CVE-2024-49803: 
IBM Security Verify Access (formerly ISAM) vulnerability analysis and mitigation

IBM Security Verify Access Appliance versions 10.0.0 through 10.0.8 contains a critical vulnerability (CVE-2024-49803) that was disclosed on November 29, 2024. The vulnerability allows a remote authenticated attacker to execute arbitrary commands on the system by sending a specially crafted request (IBM Advisory).

The vulnerability is classified as an OS Command Injection (CWE-78) vulnerability, specifically involving improper neutralization of special elements used in OS commands. It has received a CVSS v3.1 base score of 8.8 (High) with the vector string CVSS:3.1/AV:N/AC:L/PR:L/UI:N/S:U/C:H/I:H/A:H. This indicates that the vulnerability can be exploited over the network, requires low attack complexity, needs low-level privileges, and doesn't require user interaction (NVD).
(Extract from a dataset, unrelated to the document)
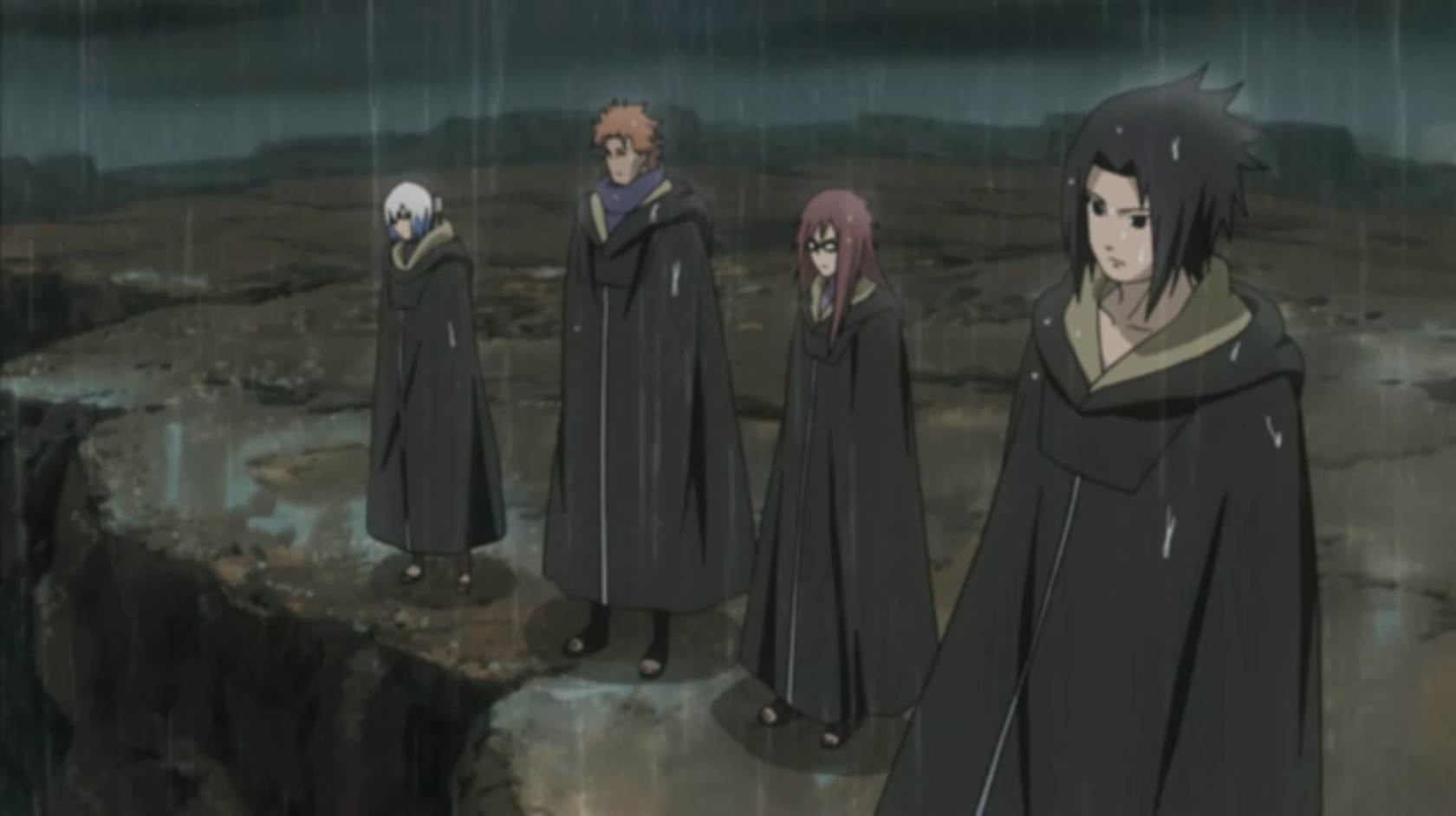 Заметив взрыв, команда Наруто направилась к его источнику, а Киба учуял запах Саске. В это время Саске расспрашивал остальных членов Хеби, что они узнали об Итачи. Суйгецу и Карин не выяснили ничего, а Джуго общался с птицами, которые могли почувствовать чакру Акацуки, исходящую из их убежища, которое он отметил на карте. Они решили наведаться в последнее используемое убежище, чтобы найти Итачи. Тем временем, Итачи направлялся в убежище Учиха и отправил двух клонов: одного, чтобы найти Наруто, а второго — найти Саске.

The successful exploitation of this vulnerability could result in high impacts on confidentiality, integrity, and availability of the affected system. An attacker could potentially execute arbitrary commands on the system, leading to complete system compromise (IBM Advisory).

IBM has released a fix for the vulnerability. Users of IBM Security Verify Appliance versions 10.0.0 through 10.0.8 IF1 should upgrade to version 10.0.8-ISS-ISVA-FP0002. No workarounds are available for this vulnerability, making the patch installation critical (IBM Advisory).

The vulnerability was reported to IBM by security researchers Antonin B., Christophe S., and Ianis Bernard from the NATO Communication and Information Agency (IBM Advisory).